One-third of the electorate are floating voters, survey shows

Senan Molony, Deputy Political Editor

A MUCH greater proportion of the Irish electorate is made up of floating voters than previously believed, according to a new study.

A five-year study of the same voters from 2002 to 2007, beginning with one-hour interviews with 2,663 people in their homes, shows that at least a third of the electorate is up for grabs, rather than tied to traditional party affiliation.

Only 67pc of the same sample voted the same way in the general elections of 2002 and 2007, the Trinity College study found -- but the volatility was masked by the fact that people "gravitated around the same major poles", said lead researcher Michael Marsh.


In other words, a Fianna Fail voter who defected to Fine Gael was often cancelled out by a voter moving the opposite way, but neither of these floating voters would have been picked up in ordinary election data.

Mr Marsh suggested that possibly half the electorate could thus be termed floating voters.

Yet a major finding of the Irish National Election Study (INES) was that past voting behaviour mattered much more than stated voting intention between elections, suggesting many people "came home" when the ballot was in their hand.

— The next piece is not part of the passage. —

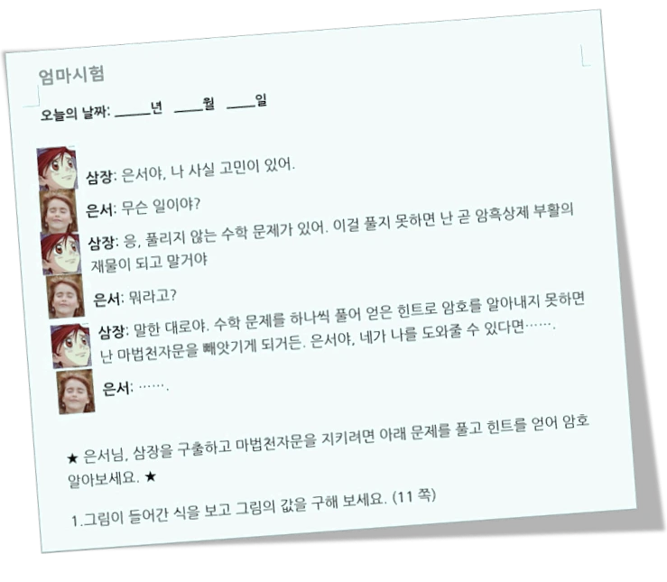 그냥 풀라고 주면 단순히 틀린 문제 다시 풀기가 될 것 같아 양념을 약간 친 뒤 아이에게 보여주었다.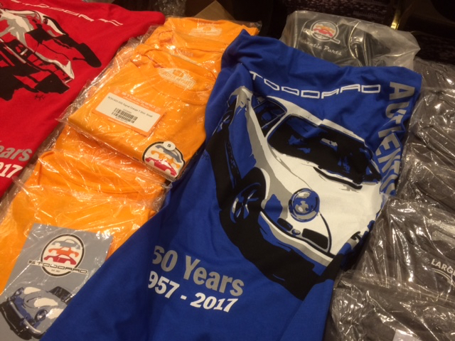 Saturday Morning, bright and early...It was time to lay out our display, including our new 60th Anniversary T-Shirts.

But this result may be distorted by the fact that only two general elections were looked at, in which FF was returned to power. A much longer study would be needed to offset the effect of a short burst of prosperity, or what might appear to be a temporary feel-good factor.

Mr Marsh said it was "astounding" how many people couldn't remember how they had voted in the last election, which amounted to around two-thirds, as the study could immediately identify from its prior data.

This suggested that voting for most people was nowhere near as important an exercise as pollsters and parties thought, "or that people don't like to remember voting for the loser", Mr Marsh said.


Most voters didn't cast many preferences, and their attitudes on the issues were quite stable.

There was a noticeable drop in the honesty rating for Bertie Ahern between 2002 and 2007, however, with the l0pc drop in the latter year no doubt related to revelations at the Mahon Tribunal.

Mr Marsh also pointed out that approval ratings for party leaders were based on whether they were perceived to be doing a good job for their party, which was not the same as popularity.

Gerry Adams was widely perceived as doing a good job as leader of Sinn Fein, but when voters were given "thermometer questions" as to what they thought of his attractiveness to them, he was "far and away the least popular" party leader.

The full study is found on the TCD website (www.tcd.ie/ines).